### WHAT IS REQUIRED:
In this exercise, the entries below include pictures. Repeat exactly the lines from the line with "1. PLACE OF" to the line with "SoldA pair of", including both, but without the pictures.

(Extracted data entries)
********

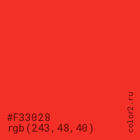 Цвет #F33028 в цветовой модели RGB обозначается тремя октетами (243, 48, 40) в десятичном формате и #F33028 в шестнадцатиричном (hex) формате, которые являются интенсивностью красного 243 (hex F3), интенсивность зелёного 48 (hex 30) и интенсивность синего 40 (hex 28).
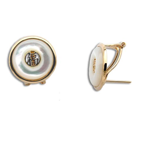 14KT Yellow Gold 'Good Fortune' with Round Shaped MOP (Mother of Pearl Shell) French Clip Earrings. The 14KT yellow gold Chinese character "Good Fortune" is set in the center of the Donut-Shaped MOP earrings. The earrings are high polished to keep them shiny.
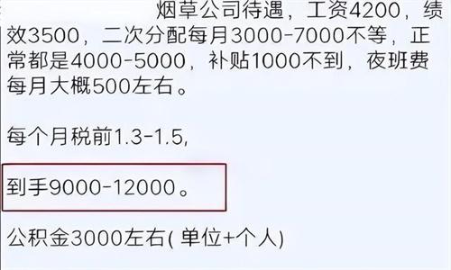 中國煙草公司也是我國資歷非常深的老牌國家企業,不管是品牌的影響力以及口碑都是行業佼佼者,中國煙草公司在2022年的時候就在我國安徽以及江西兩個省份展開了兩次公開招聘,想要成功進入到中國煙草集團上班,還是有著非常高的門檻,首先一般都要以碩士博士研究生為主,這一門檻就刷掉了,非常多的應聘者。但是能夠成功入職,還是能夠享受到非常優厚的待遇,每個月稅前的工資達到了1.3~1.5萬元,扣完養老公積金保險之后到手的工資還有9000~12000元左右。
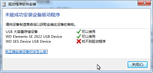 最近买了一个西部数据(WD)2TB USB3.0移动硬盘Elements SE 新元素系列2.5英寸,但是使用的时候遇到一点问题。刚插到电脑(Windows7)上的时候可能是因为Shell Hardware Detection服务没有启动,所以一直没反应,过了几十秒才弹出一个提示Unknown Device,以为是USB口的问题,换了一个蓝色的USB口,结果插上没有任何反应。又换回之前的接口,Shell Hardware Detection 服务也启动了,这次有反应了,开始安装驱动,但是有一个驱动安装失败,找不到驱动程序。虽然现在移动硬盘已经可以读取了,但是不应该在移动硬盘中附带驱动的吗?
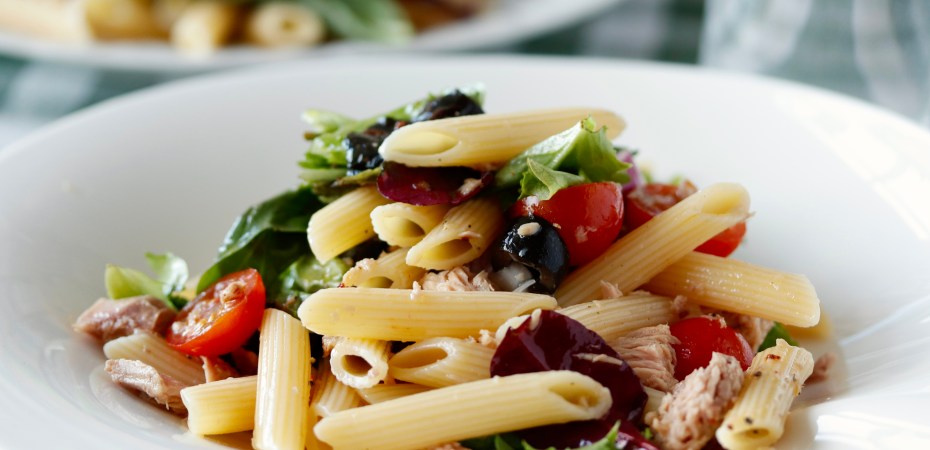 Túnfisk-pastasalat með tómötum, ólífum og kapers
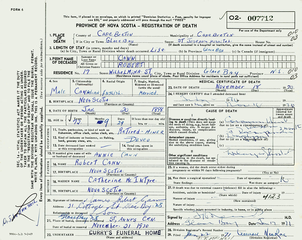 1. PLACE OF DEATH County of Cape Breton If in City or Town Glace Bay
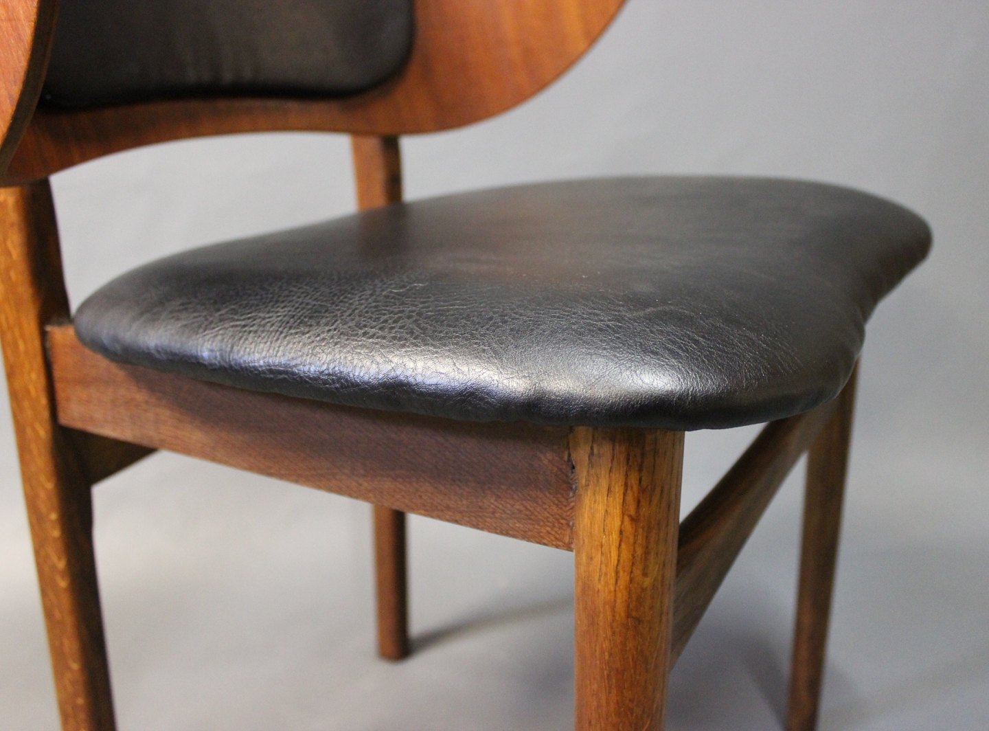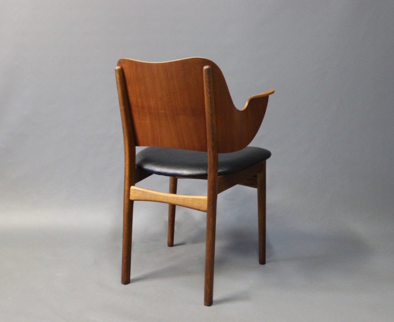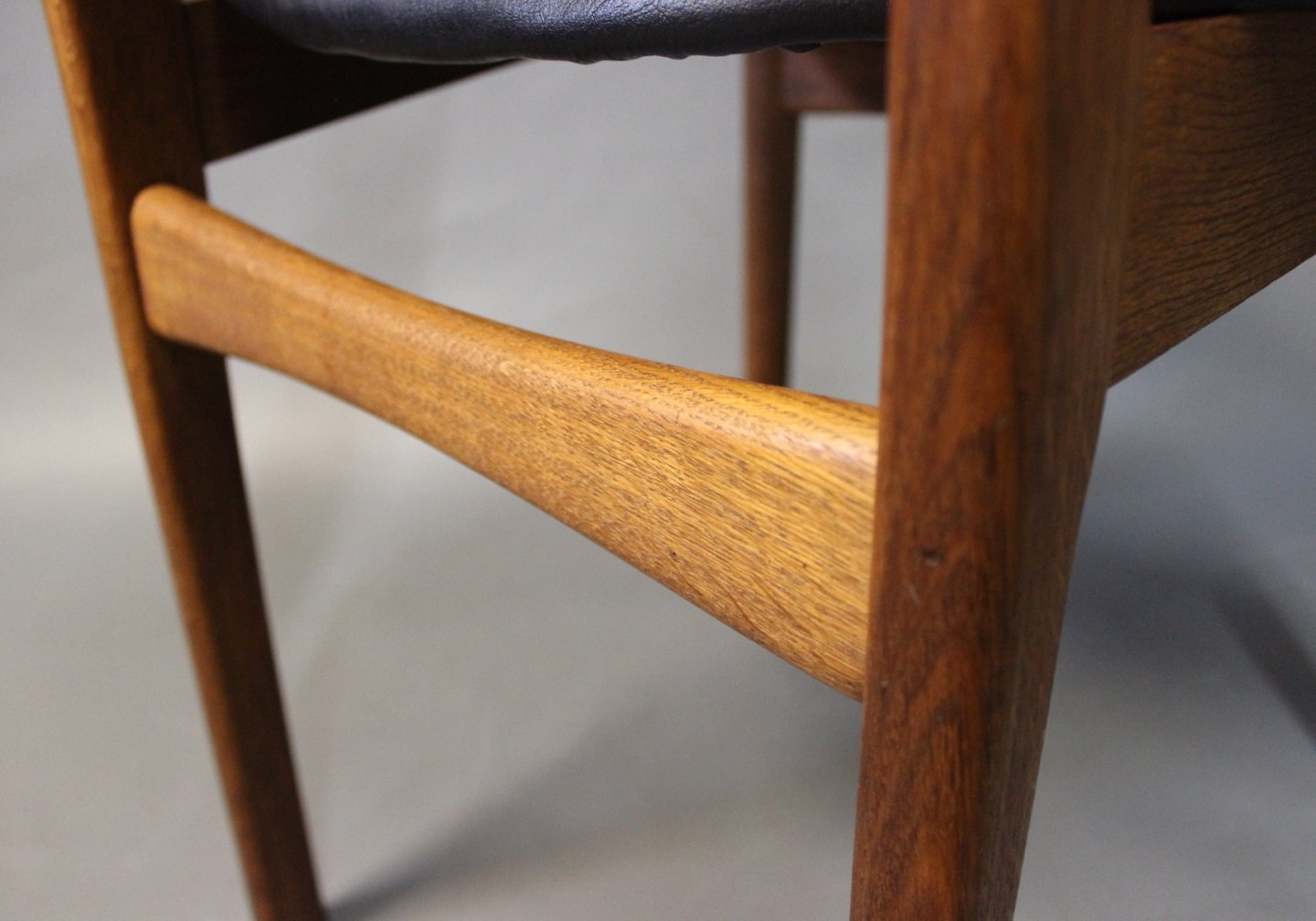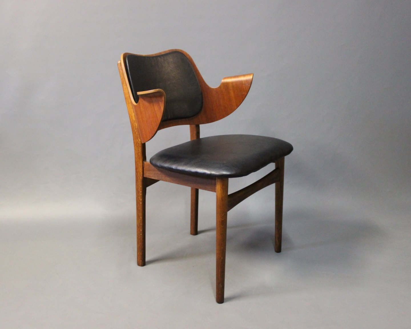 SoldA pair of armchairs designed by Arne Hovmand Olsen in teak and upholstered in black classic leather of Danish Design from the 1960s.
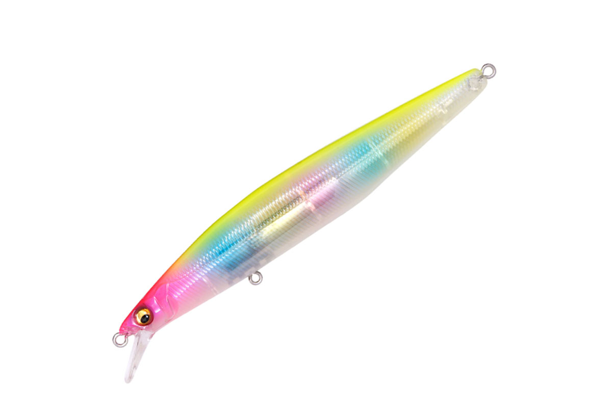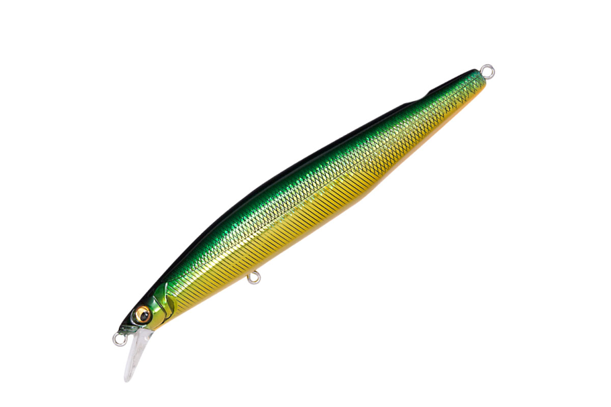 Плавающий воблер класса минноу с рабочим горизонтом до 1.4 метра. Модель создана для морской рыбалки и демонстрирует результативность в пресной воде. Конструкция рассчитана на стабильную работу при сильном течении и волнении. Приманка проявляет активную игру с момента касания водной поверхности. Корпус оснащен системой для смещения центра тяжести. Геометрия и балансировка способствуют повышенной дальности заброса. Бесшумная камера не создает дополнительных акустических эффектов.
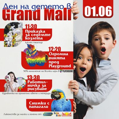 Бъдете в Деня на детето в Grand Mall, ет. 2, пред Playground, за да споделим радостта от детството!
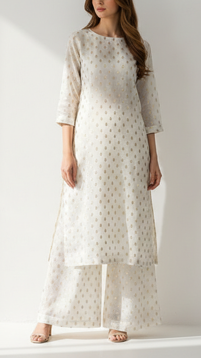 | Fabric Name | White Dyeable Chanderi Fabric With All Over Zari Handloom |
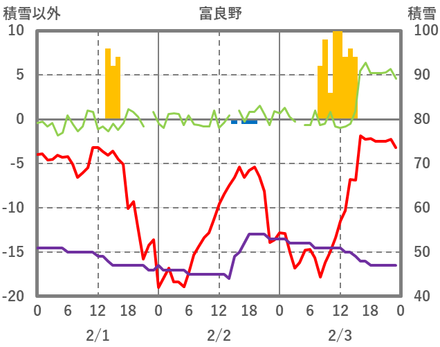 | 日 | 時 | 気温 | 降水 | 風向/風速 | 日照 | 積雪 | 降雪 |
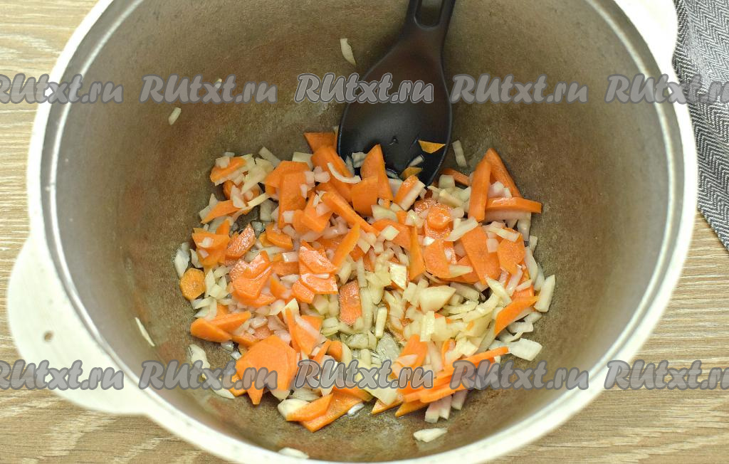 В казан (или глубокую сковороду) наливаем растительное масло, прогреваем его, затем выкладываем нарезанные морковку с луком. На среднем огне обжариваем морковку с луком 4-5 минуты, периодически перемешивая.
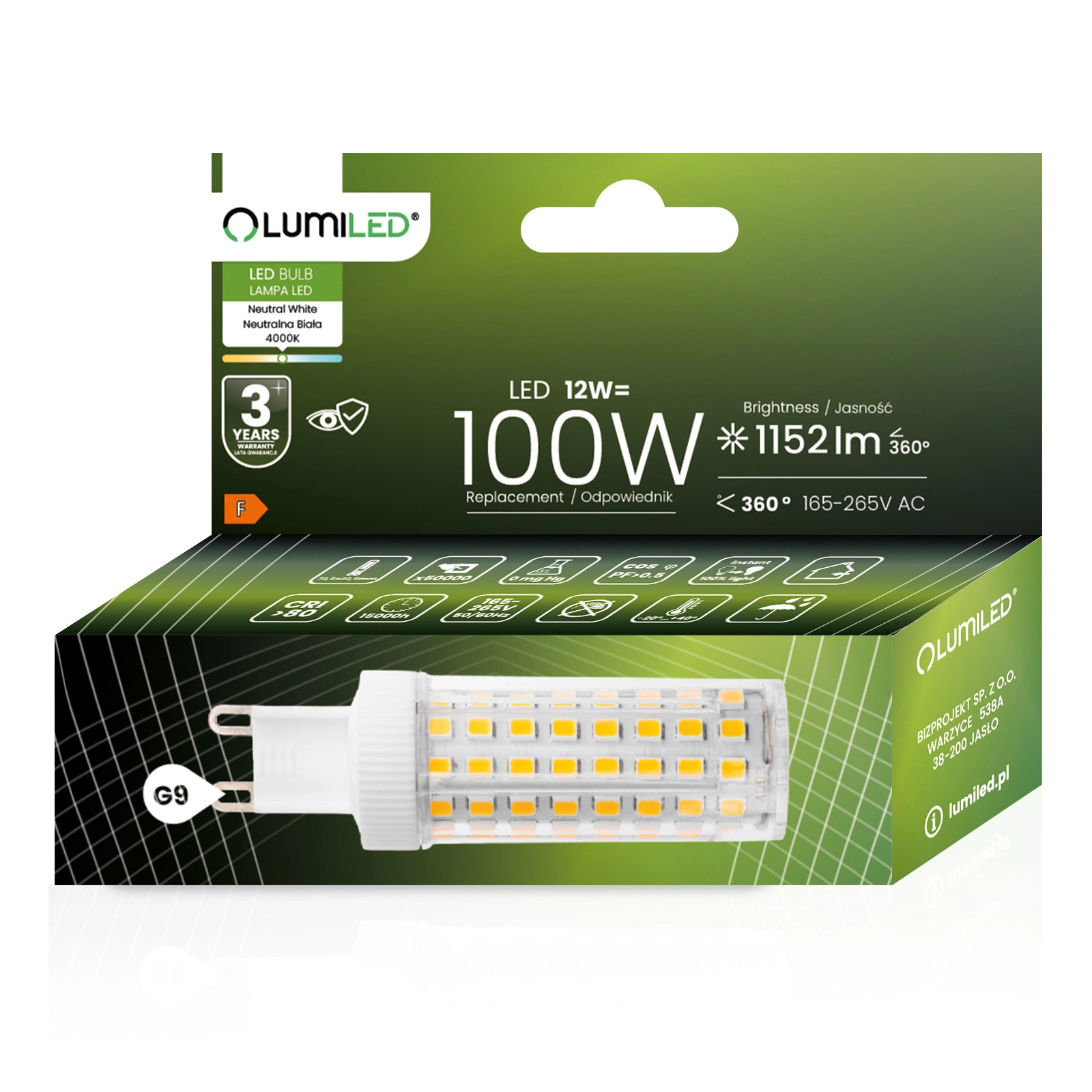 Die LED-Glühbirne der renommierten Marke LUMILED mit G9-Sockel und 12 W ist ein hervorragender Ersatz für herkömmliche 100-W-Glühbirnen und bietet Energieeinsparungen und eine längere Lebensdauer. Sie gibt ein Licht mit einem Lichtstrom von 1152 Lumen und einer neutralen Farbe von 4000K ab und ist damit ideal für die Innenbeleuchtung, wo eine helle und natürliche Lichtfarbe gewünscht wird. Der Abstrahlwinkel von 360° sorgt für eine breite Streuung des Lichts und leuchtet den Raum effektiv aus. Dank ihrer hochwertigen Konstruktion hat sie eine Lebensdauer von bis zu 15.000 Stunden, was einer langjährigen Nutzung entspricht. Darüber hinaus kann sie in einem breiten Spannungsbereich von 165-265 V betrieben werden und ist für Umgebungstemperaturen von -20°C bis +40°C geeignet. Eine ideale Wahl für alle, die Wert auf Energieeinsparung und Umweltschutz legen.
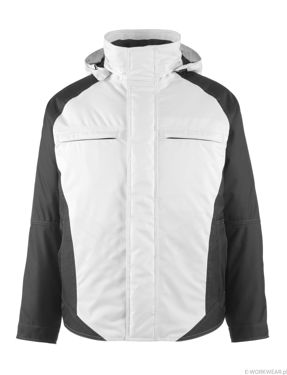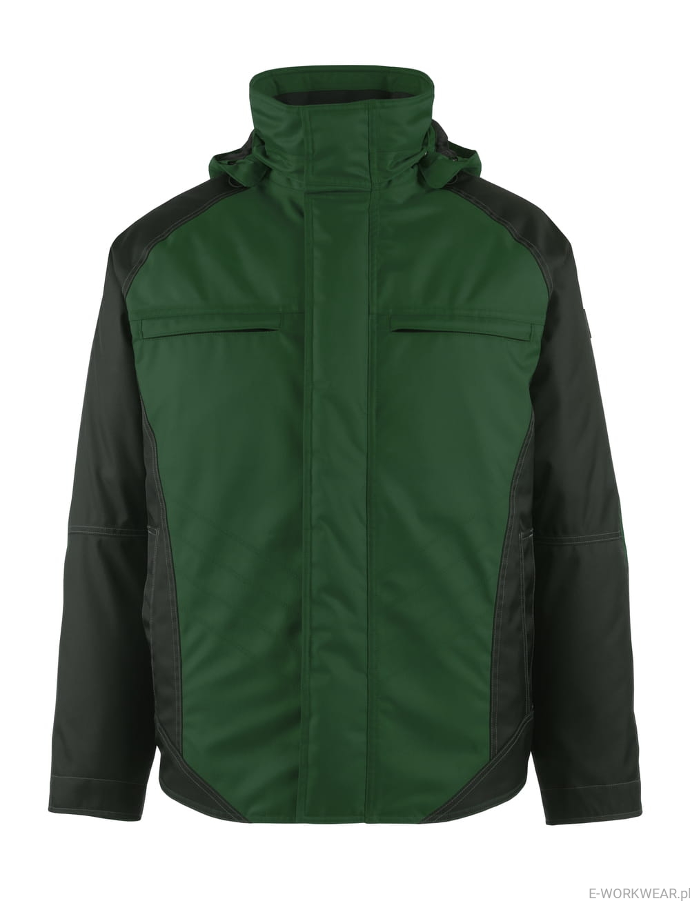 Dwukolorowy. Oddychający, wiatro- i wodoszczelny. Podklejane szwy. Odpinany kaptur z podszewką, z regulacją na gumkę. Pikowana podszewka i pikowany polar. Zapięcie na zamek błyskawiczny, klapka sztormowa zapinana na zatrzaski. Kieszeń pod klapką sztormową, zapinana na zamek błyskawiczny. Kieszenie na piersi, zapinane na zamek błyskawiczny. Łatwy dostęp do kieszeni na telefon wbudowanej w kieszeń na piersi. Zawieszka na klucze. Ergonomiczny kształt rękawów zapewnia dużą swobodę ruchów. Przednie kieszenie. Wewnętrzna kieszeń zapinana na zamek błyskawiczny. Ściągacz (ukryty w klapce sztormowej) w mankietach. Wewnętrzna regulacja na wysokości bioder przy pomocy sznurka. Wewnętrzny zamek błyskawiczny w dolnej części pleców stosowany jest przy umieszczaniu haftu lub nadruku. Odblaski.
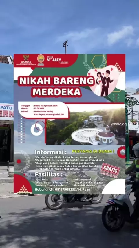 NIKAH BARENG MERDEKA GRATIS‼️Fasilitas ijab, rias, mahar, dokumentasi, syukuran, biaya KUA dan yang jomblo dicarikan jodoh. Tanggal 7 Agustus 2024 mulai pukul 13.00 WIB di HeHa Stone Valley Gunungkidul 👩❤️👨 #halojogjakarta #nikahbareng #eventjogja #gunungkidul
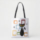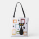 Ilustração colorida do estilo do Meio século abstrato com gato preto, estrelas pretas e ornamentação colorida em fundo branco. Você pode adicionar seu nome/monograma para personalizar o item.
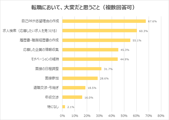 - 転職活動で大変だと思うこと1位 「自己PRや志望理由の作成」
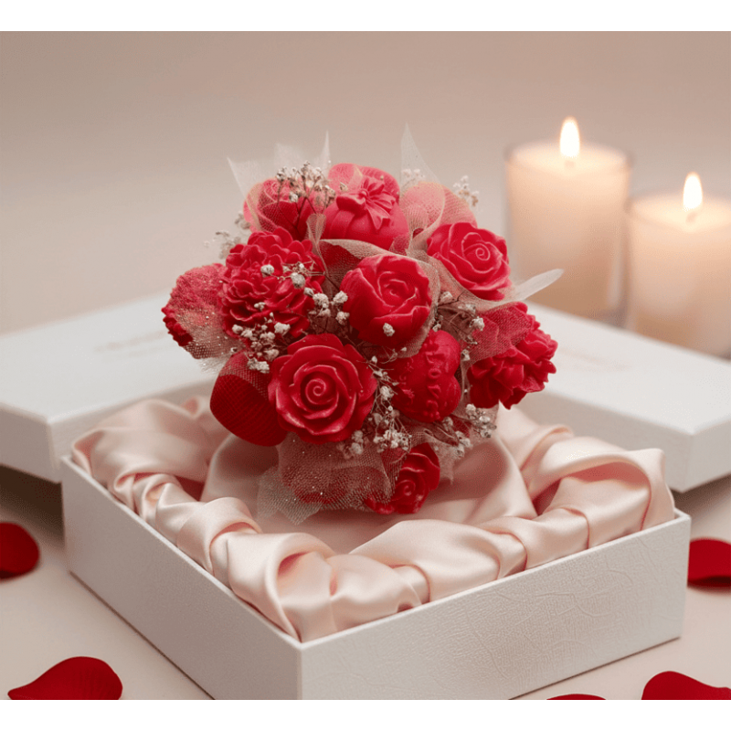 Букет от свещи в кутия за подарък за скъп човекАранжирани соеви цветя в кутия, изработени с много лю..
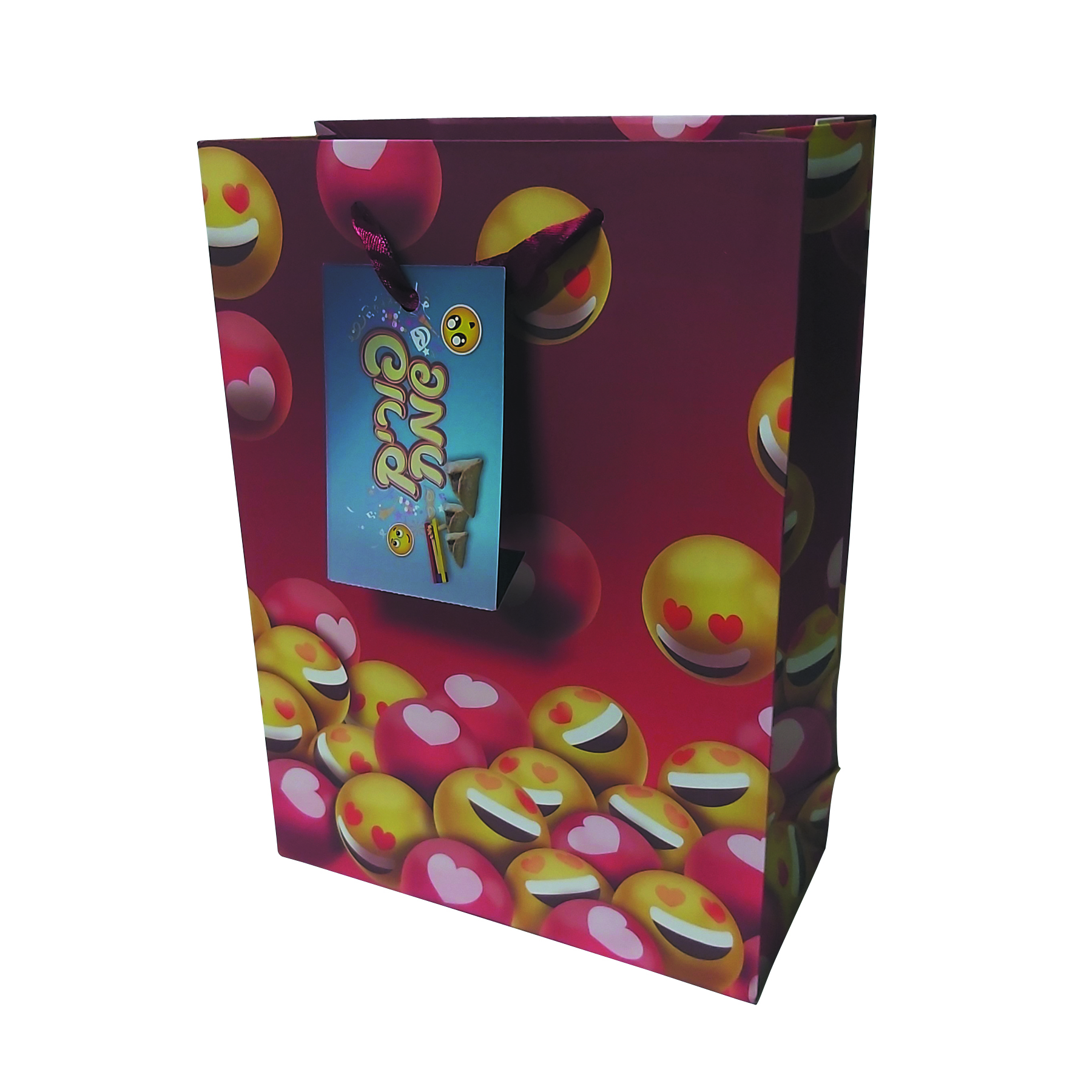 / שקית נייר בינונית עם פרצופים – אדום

********

### YOUR SOLUTION:
 1. PLACE OF DEATH County of Cape Breton If in City or Town Glace Bay
 SoldA pair of armchairs designed by Arne Hovmand Olsen in teak and upholstered in black classic leather of Danish Design from the 1960s.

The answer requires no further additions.